Counsel:         T Robertson for the Crown

J Wickliffe and E McWatt for the Prisoner

Judgment:      19 February 2013

SENTENCING NOTES OF WOOLFORD J

Solicitors:

Crown Solicitor, Auckland.

Public Defence Service, North Shore City, Auckland.

R V MEGCHELSE HC AK CRI-2011-088-005112 [19 February 2013]

Introduction

[1]      Mr Megchelse, on 30 November 2012, you were convicted of the following charges after having been found guilty following a jury trial - four counts of sodomy with a person under 16, seven counts of indecently assaulting a female under 12, one count of doing an indecent act with a girl under 12 and four counts of assault on a child.

[2]      In relation to the first complainant, K, you are for sentence on:

(a)      Four counts of sodomy on a girl under the age of 16, one of which is representative;

(b)Seven counts of indecent assault of a girl under the age of 12 (namely fondling her breasts and vagina and digital penetration of her anus and vagina) three of which are representative; and

(c)      Two counts of assault on a child (namely beating her with a belt) one of which is representative.

[3]      In relation to the second complainant, L, you are for sentence on:

(a)      Two counts of assault on a child (namely beating her with a belt) one of which is representative; and

(b)One count of inducing a girl under the age of 12 to do an indecent act upon you, which is also representative.

[4]      The offences are all alleged to have occurred between 1973 and 1977 - in other words, between 36 and 40 years ago.

Facts

[5]      On 22 February 1973 Mrs C moved herself and her two daughters, L and K, to live with you in Auckland.  K was aged five at this time and L was seven.  You were violent towards K, you stripped her naked and whipped her with a belt.  You committed these assaults more frequently over time.  You would also play a tickling game with K in the bath when you would touch her vagina and breasts.   On four occasions you took K into her bedroom, kissed her and digitally penetrated her anus and vagina before penetrating her anus with your penis.  On one other occasion you penetrated her anus with your penis while you were in the lounge.

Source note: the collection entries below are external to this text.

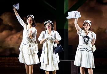 Taking place in 1929 in the Ybor City section of Tampa, Florida, Cruz brings us to a cigar factory. Justin Townsend's set includes several huge beams supporting the factory and the initial design features looming clouds in the background. The aforementioned initial moment finds Eliades (Wilson Jermaine Heredia) barking out "Cockfights!" Two half brothers, not close ones, gamble wildly as Eliades runs the show and provides play-by-play. Santiago (Gilbert Cruz) owns the warehouse and bets poorly. Cheche (Alexis Cruz) is down on his luck and eventually reveals a violent side to his character. Ofelia (Bianca Camacho) is Santiago's wife and she is poised near the harbor for the arrival of a new lector, Juan Julian (Alex Rodriguez). Her attractive adult daughters accompany her. Conchita (Marina Pires) is the elegant, older sister while Marela (Gabriela Saker), perhaps in her early twenties, is bouncy and exuberant. Juan Julian arrives and he is an appealing man who is fully taken with Tolstoy's "Anna Karenina." The role of the lector back in that day was to interest, educate, and perhaps lend insight to others through prose and poetry. Juan Julian is dedicated and he delves into the Tolstoy which complements Nilo Cruz's plot and purpose. Both sisters find Juan Julian magnetic. It is Marela who, with charm and some comedy, makes it evident that she will do anything to spend some time with him. Conchita, however, and Juan Julian fall for one another. It is a torrid coupling. Then there's Palomo (Heredia in another role), married to Conchita and not the most faithful of men. He knows of his wife's affair with Juan Julian. Perhaps playwright Cruz is at his very best with the complex relationship he draws for Conchita and Paloma. True enough, Paloma is angry and temperamental. Yet he comes to understand Conchita's desire for Juan Julian. The dialogue here is singularly pensive and perceptive. It's a multi-layered play staged within the literal and symbolic confines of the building. The women hand roll the cigars but machines are about to displace them. That stress feeds into the characters' overall anxiety and insecurity. The author's narrative is filled with tension. Some of his characters are more types than others. Cruz creates dramatic impact through internal shifts as well as outward action. The play has quieter moments but also loud musical ones. Sound designer Nathan Leigh's contributions are noteworthy. The journey feels lengthy from the time Eliades referees at the beginning of the show until an excerpt from "Anna Karenina" concludes this intricate and involving presentation. Elena Araoz's direction is important and specific. Each performer (all are quite gifted) shines brightly with quite fine interpretation and timing. Heredia's name rings a bell–he was a much younger man when he won the Tony Award for his portrayal of cross-dressing Angel in the original cast of Rent. Just a few months back, this versatile actor gave a strong performance in Next to Normal at Westport Country Playhouse. It takes some time to acclimate and assimilate both the story and the thematic intent of Anna in the Tropics since this is anything but a simplistic play. Instead, it challenges the theatergoer to grasp and stay with Cruz's dialogue as well as Tolstoy's language. Accomplishing that ensures a richly rewarding experience in the theater. Anna in the Tropics runs through July 30, 2022, at Barrington Stage Company, 30 Union St., Pittsfield MA. For tickets and information, call 413-236-8888 or visit barringtonstageco.org. |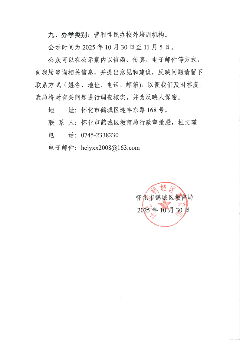 关于拟同意怀化市鹤城区爱嘉教育培训学校终止办学的公示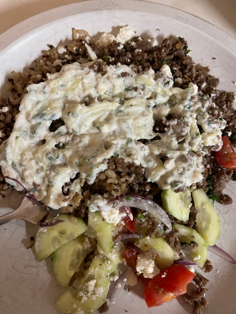 I told you all about Slender Kitchen on Tuesday and this is one of her recipes – the Beef Kofta Bowl. It’s like a Greek bowl but with beef. I had a brown rice and quinoa blend to put under this. We all loved it!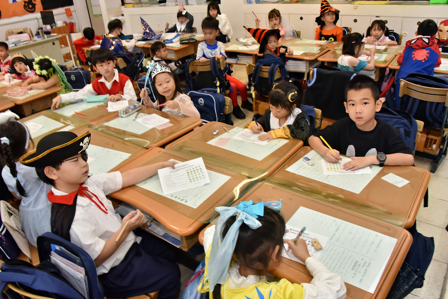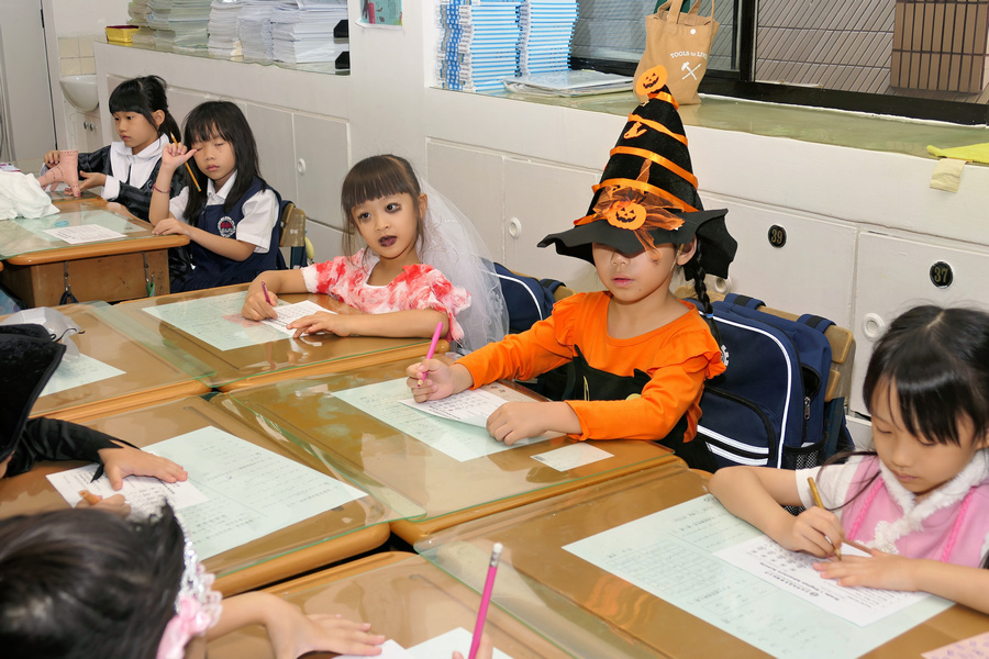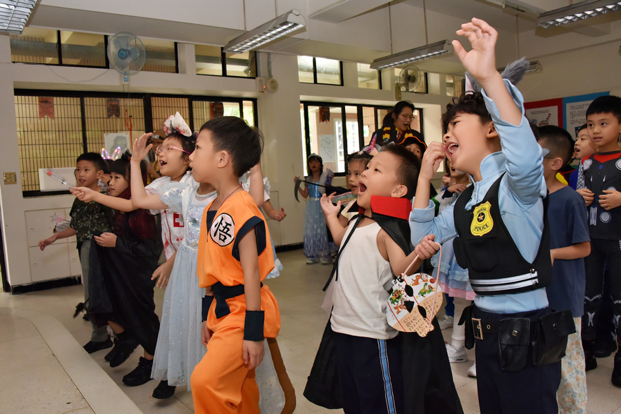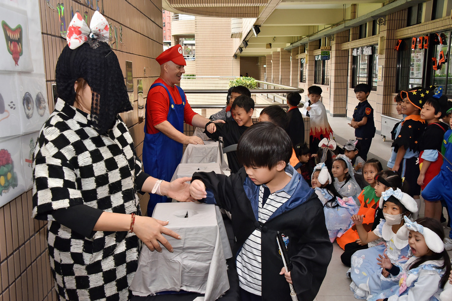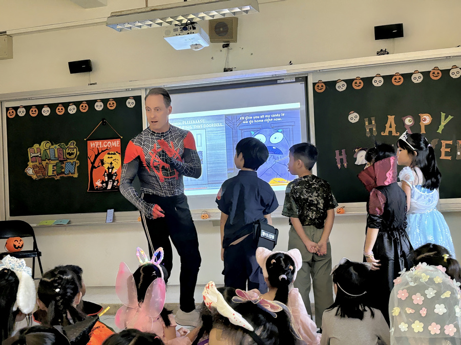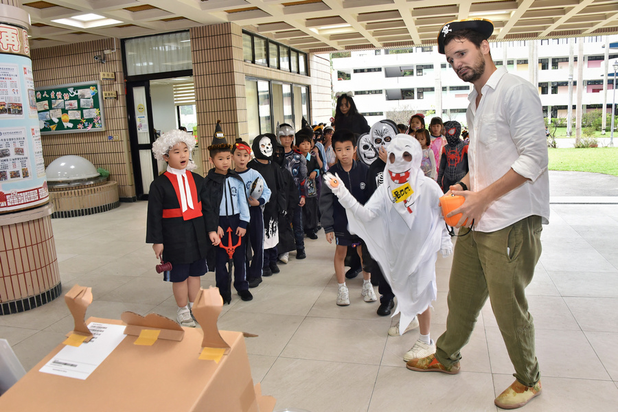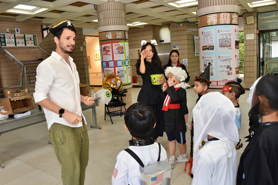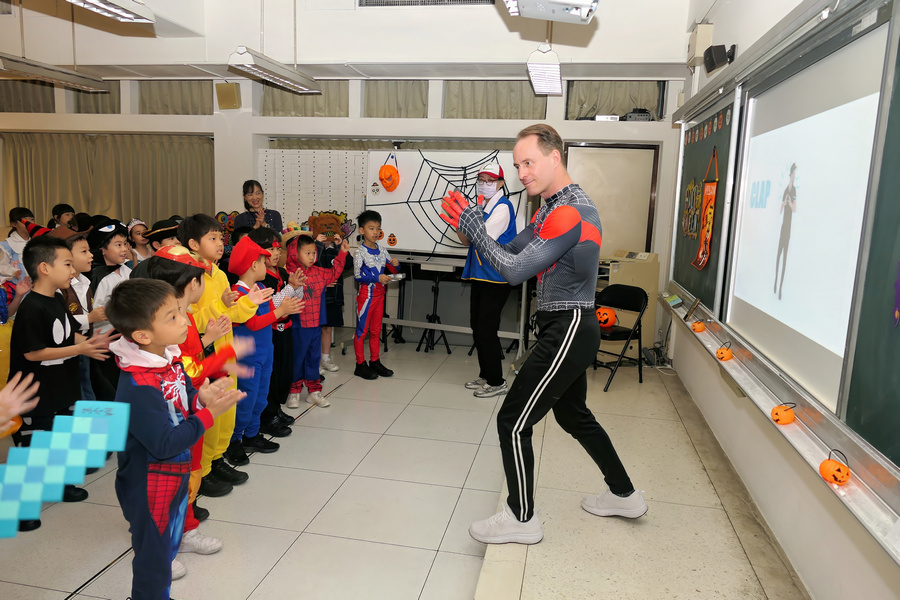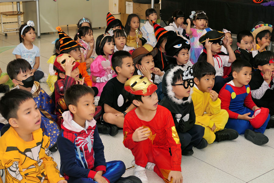 因為這個意外氣旋擾局,我們原訂的英語闖關活動順延一周,但仍以萬聖節為裝扮主題,大家開心穿戴上早已準備好的創意服裝,跟著班級導師的引領前進,準備好要迎接六個關卡的英語挑戰!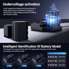 - OLED Smart Display- The main interface displays the real time charging status of each battery once plugged in, including voltage, current, temperature, and power, making the charging process visual. Press the button to switch to the display of the charger's input voltage, current, power, and temperature.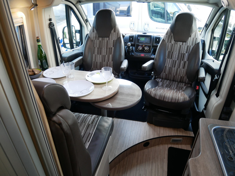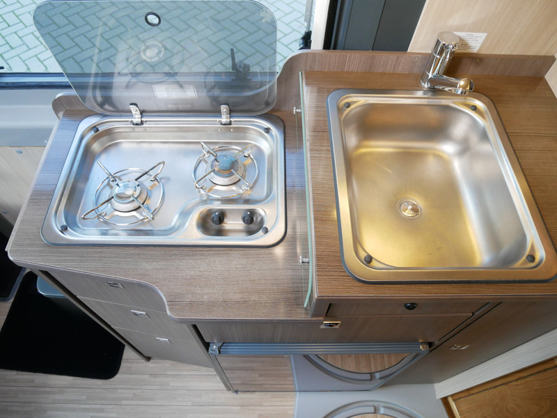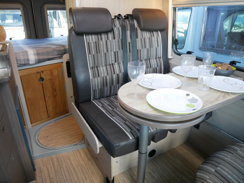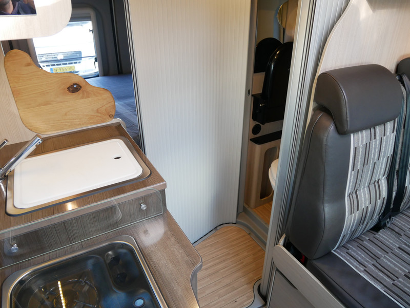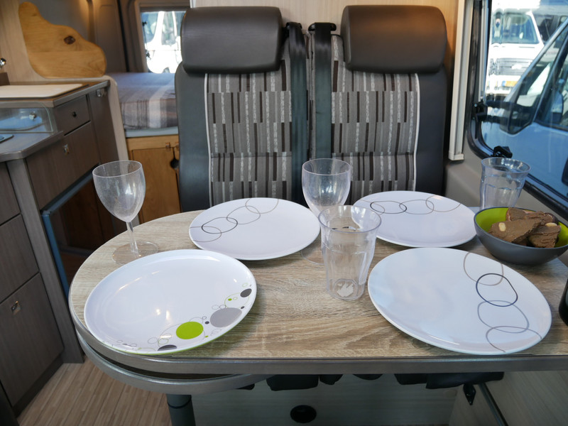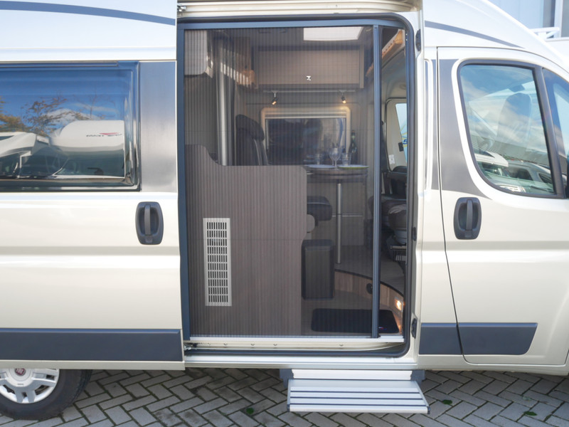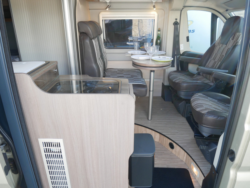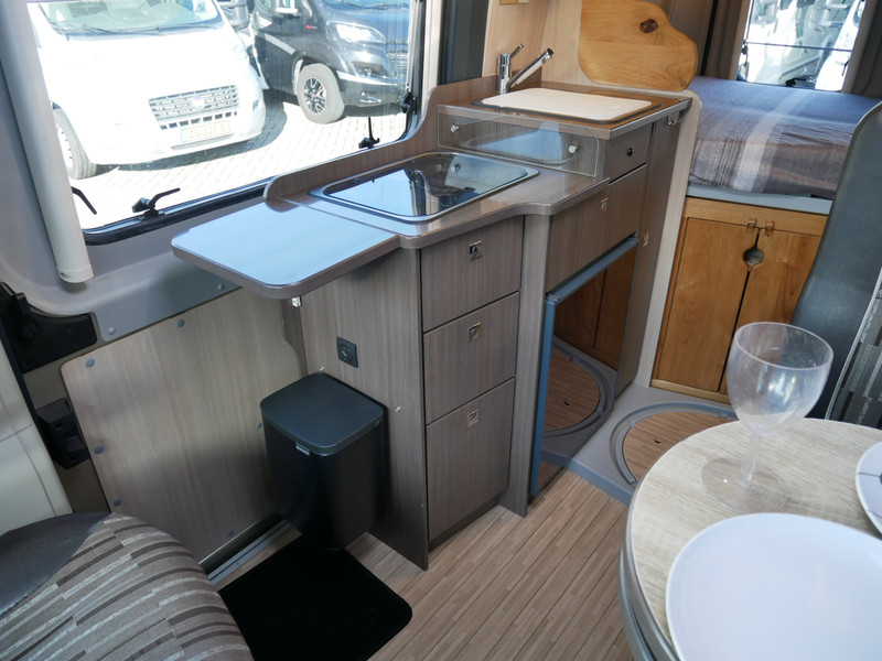 De camper is onder andere voorzien van een mooie afwerking met half lederen bekleding, luxe keuken met 2 pits kooktoestel, Truma kachel op gas, boiler, lichte moderne houttinten in het interieur, wasbak, motorairco, zeer veel opbergmogelijkheden door de vele kasten, toiletruimte met douche, radio/cd/mp-3 speler, verduistering rondom, een ruime zit met tafel en een metallic lak!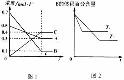 T℃时在1L密闭容器中A气体与B气体反应生成C气体。反应过程中A、B、C浓度变化如图1所示;若保持其他条件不变,温度分别为T1和T2时,B的体积百分含量与时间的关系如图2所示。则下列结论正确的是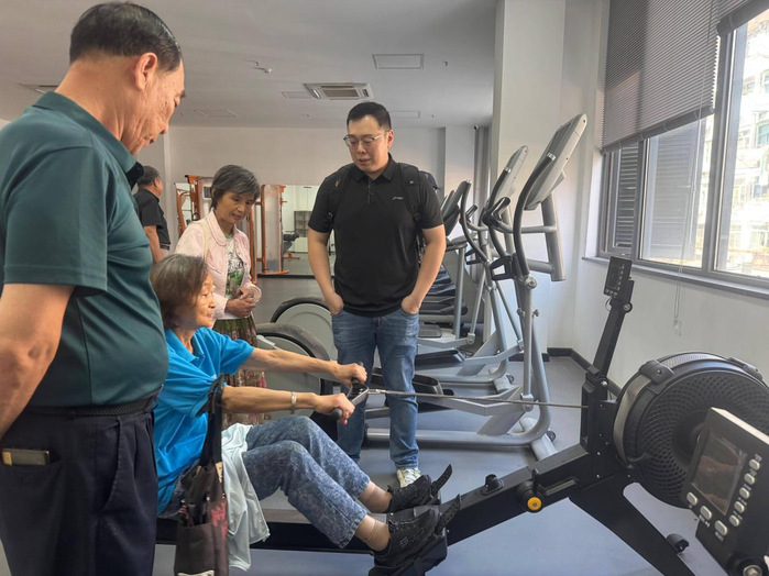 讲座结束后,两位老师还参观了社区健身房。李佳颐博士亲自为老人们演示了各类健身器材的正确使用方法,并耐心讲解安全锻炼的注意事项,受到老人们的广泛欢迎。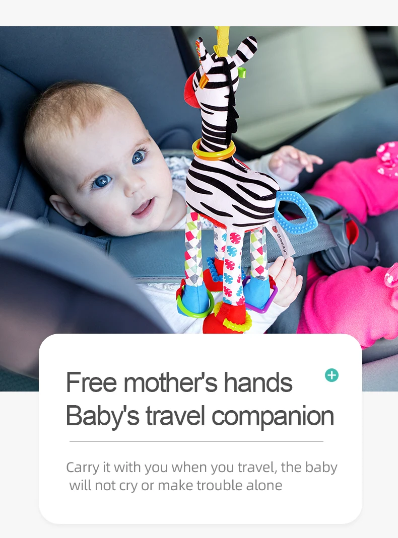 OEM Manufacturer Soft Plush Stuffed Donkey Giraffe Baby Sensory Crinkle Hanging Soothing Toy for Crib Car Seat Stroller

[6]      You would also discipline L by beating her with a belt.  You would share a bath with L and get her to play with your penis as a ‘special treat”.  You were also charged with indecently assaulting, sodomising and raping L and injuring her with intent to injure, but the jury were hung on those offences and you are to be retried on them.

Personal circumstances

Prior Convictions

[7]      Mr Megchelse, you have previous convictions for possession for supply and supply of cannabis.   You received sentences of nine months supervision and four months non-residential periodic detention in 1999.

Pre-Sentence Report

[8]      The pre-sentence report recommends a sentence of imprisonment.  You are a

74 year old retired pensioner.  Your daughter reports that you are medically unwell and further incarceration would hugely affect your health.  You continue to deny the sexual offending and express disbelief that these allegations were made against you. You have expressed regret and remorse for your actions with reference to the assault charges.  The report states that your denial of offending would indicate a medium risk of re-offending but this is tempered by your lack of previous offending.

Home Detention Assessment

[9]      You have consented to undergo a sentence of home detention and have signed the agreement form.  However, you were unable to provide an address to undergo an electronically monitored sentence.   In my opinion, however, your offending is not such that a sentence of home detention would be appropriate.

Victim Impact Statements

[10]     Both K and L indicate the offending has had a profound effect on their well- being in later life.   Both cite health problems as a result of the offending and depression.   It has affected their relationships with each other, their mother, and particularly with other men.

Submissions

Crown Submissions

[11]     The Crown recommends a starting point of 12 to 14 years imprisonment.  It mentions no mitigating factors and notes that while your previous criminal record does not require an uplift, it also does not allow a discount to be applied.

Offender’s Submissions

[12]     The defence recommends a starting point of 10 years imprisonment with an uplift of two years for the offending against L.  It notes that your age and ill health are mitigating factors.  It distinguishes many of the cases cited by the Crown.

Sentencing approach

Historic offending

[13]     It is fundamental that an offender can only be charged with offences as they were at the time of the offending and only if the act constituted an offence at the time

of the offending.  Furthermore, an offender should not be subjected to punishment more   severe   than   that   which   applied   at   the   time   the   offending   occurred. Accordingly,  the  Court  of Appeal  has  repeatedly  held  that  a  sentencing  Judge confronted with a case of historical sexual abuse should fix a starting point sentence based upon the sentencing levels at the relevant time.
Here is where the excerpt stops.